Finally, I also note that there is a significant confluence between the information gleaned by Ms Demery and that obtained by Dr Goltlieb when she undertook her assessment in Israel in 2016. Namely that L demonstrates a strong positive relationship with both her parents with no evidence that either has sought to adversely influence L
against the other.
THE LAW
Art 13 of the 1980 Hague Convention provides as follows with respect to the exception relied on by the mother:
“Notwithstanding the provisions of the preceding Article, the judicial or administrative authority of the requested State is not bound to order the return of the child if the person, institution or other body which opposes its return establishes that:
(a) the person, institution or other body having the care of the person of the child was not actually exercising the custody rights at the time of removal or retention, or had consented to or subsequently acquiesced in the removal or retention; or
(b) there is a grave risk that his or her return would expose the child to physical or psychological harm or otherwise place the child in an intolerable situation.

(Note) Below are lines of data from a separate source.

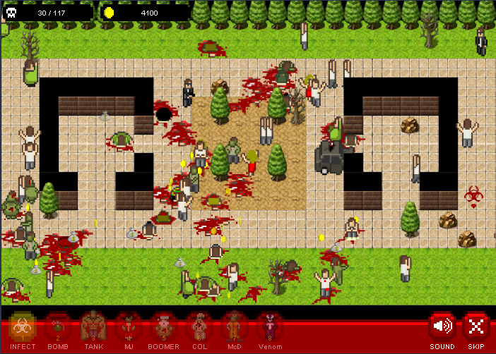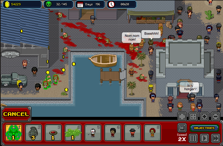 Хороший пример взят из нашей игры Infectonator. Изначально мы планировали, что это будет большая игра-симулятор зомби-апокалипсиса с процедурной географической картой, бла-бла-бла… Поскольку в то время это была такая амбициозная игра, мы разбили ее на несколько этапов: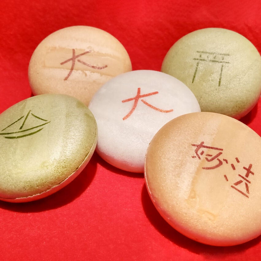 古都の夜空に浮かび上がる五山送り火をイメージしました。もっちりとした生地に粒あんと抹茶あんの2種類をご用意いたしました。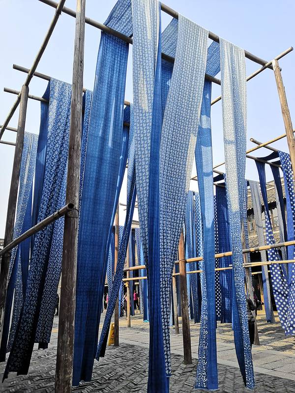 好像是某个影视片场景里有这个地方,一个村镇里总有这样一个地方,卖布的,染坊,俺们看见的染坊后院有这样的成品吧,蓝色的花布一条一条晾挂在场院里,淡季游客不多,随便拍随便凹造型,前厅好像还有相关的周边...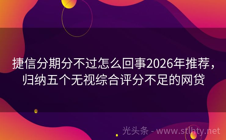 捷信分期分不过怎么回事2026年推荐,归纳五个无视综合评分不足的网贷 在当下这个信息时代,捷信分期分不过怎么回事为大众提供了极大的便利,让人们可以轻松快捷地解决资金需求,就让我来为大家详细介绍一下市面上口碑较好的五个捷信分期分不过怎么回事,帮助大家找到适合自己的捷信分期分不过怎么回事,它们各有特色,快来跟我一起看看吧! 2026年的捷信分期分不过怎么回事有:安心贷宝、...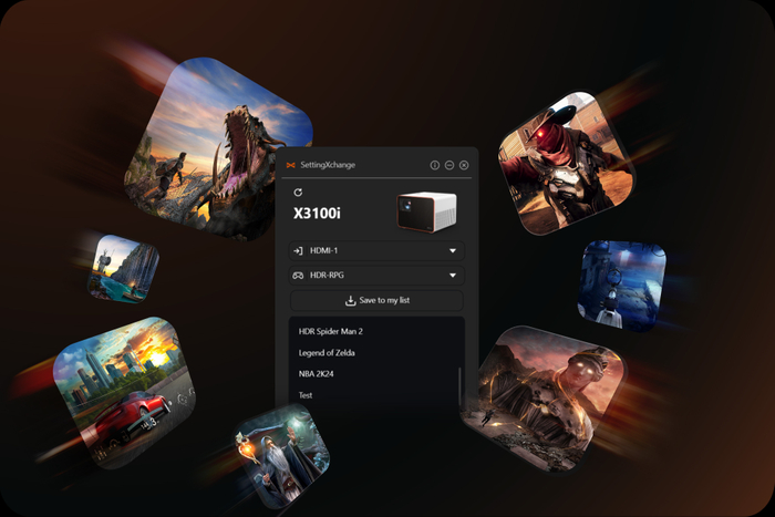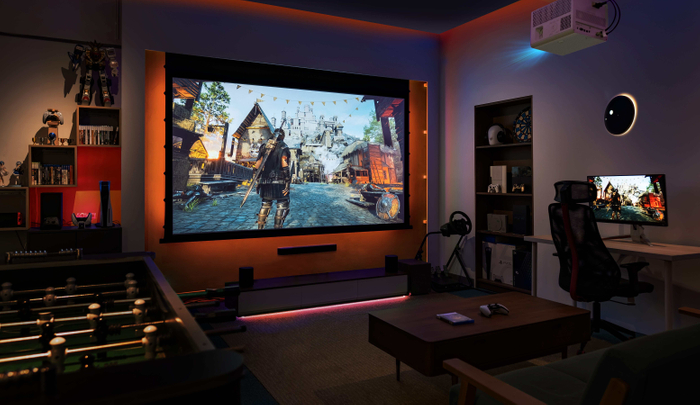 ハイエンドモデルの「X3100i」は、3,300ANSIルーメンの高輝度、DCI-P3を100%カバーする広色域で、リビングなどの明るい部屋でも快適なゲームプレイが可能です。ゲームモードは従来機「X3000i」のFPS/RPG/スポーツゲームモードに加え、新たにレーシングゲームモードが追加され、より多様なジャンルのゲームに最適な映像とサウンドでゲームへの没入感をもたらします。垂直レンズシフト機能を備えており、設置の柔軟性が向上したため、リビングなどの広いお部屋での大画面プレイに最適です。

The judicial or administrative authority may also refuse to order the return of the child if it finds that the child objects to being returned and has attained an age and degree of maturity at which it is appropriate to take account of its views. In considering the circumstances referred to in this Article, the judicial and administrative authorities shall take into account the information relating to the social background of the child provided by the Central Authority or other competent authority of the child's habitual residence.”

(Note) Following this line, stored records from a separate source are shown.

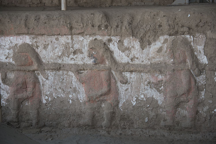 モチェ王国の「月の神殿」の壁面のレリーフ。生け贄に引き立てられていく人たちの姿とみられている。 近年発掘された生け贄の遺骨の分析で、戦争捕虜を生け贄に供していた可能性が高いとみられている。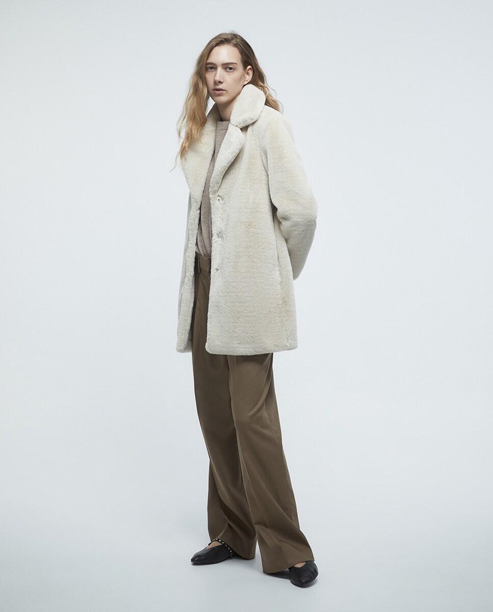 • Abrigo de efecto pelo y cuello solapa con cierre de botones a presión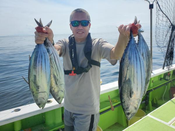 カツオ!メインに頑張ってますが、キメジ、キハダマグロ用仕掛けもご用意ください!無ければ船にもあります。

The law in respect of the defence of harm or intolerability under Art 13(b) was examined and clarified by the Supreme Court in Re E (Children)(Abduction: Custody Appeal) [2011] UKSC 27, [2012] 1 AC 144. The applicable principles may be summarised as follows:
There is no need for Art 13(b) to be narrowly construed. By its very terms it is of restricted application. The words of Art 13 are quite plain and need no further elaboration or gloss.
The burden lies on the person (or institution or other body) opposing return. It is for them to produce evidence to substantiate one of the exceptions. The standard of proof is the ordinary balance of probabilities but in evaluating the evidence the court will be mindful of the limitations involved in the summary nature of the Convention process.
The risk to the child must be ‘grave’. It is not enough for the risk to be ‘real’.
It must have reached such a level of seriousness that it can be characterised as ‘grave’. Although ‘grave’ characterises the risk rather than the harm, there is in ordinary language a link between the two.
The words ‘physical or psychological harm’ are not qualified but do gain colour from the alternative ‘or otherwise’ placed ‘in an intolerable situation’. ‘Intolerable’ is a strong word, but when applied to a child must mean ‘a situation which this particular child in these particular circumstances should not be expected to tolerate’.
Art 13(b) looks to the future: the situation as it would be if the child were returned forthwith to his or her home country. The situation which the child will face on return depends crucially on the protective measures which can be put in place to ensure that the child will not be called upon to face an intolerable situation when he or she gets home. Where the risk is serious enough the court will be concerned not only with the child’s immediate future because the need for protection may persist.
Where the defence under Art 13(b) is said to be based on the anxieties of a respondent mother about a return with the child which are not based upon objective risk to her but are nevertheless of such intensity as to be likely, in the event of a return, to destabilise her parenting of the child to a point where the child’s situation would become intolerable the court will look very critically at such an assertion and will, among other things, ask if it can be dispelled. However, in principle, such anxieties can found the defence under Art 13(b).
The Supreme Court made clear that the approach to be adopted in respect of the harm defence is not one that demands the court engage in a fact-finding exercise to determine the veracity of the matters alleged as ground the defence under Art 13(b). Rather, the court should assume the risk of harm at its highest on the evidence available to the court and then, if that risk meets the test in Art 13(b), go on to consider whether protective measures sufficient to mitigate harm are identified. It follows that if, having considered
the risk of harm at its highest on the available evidence, the court considers that it does not meet the imperatives of Art 13(b), the court is not obliged to go on to consider the question of protective measures.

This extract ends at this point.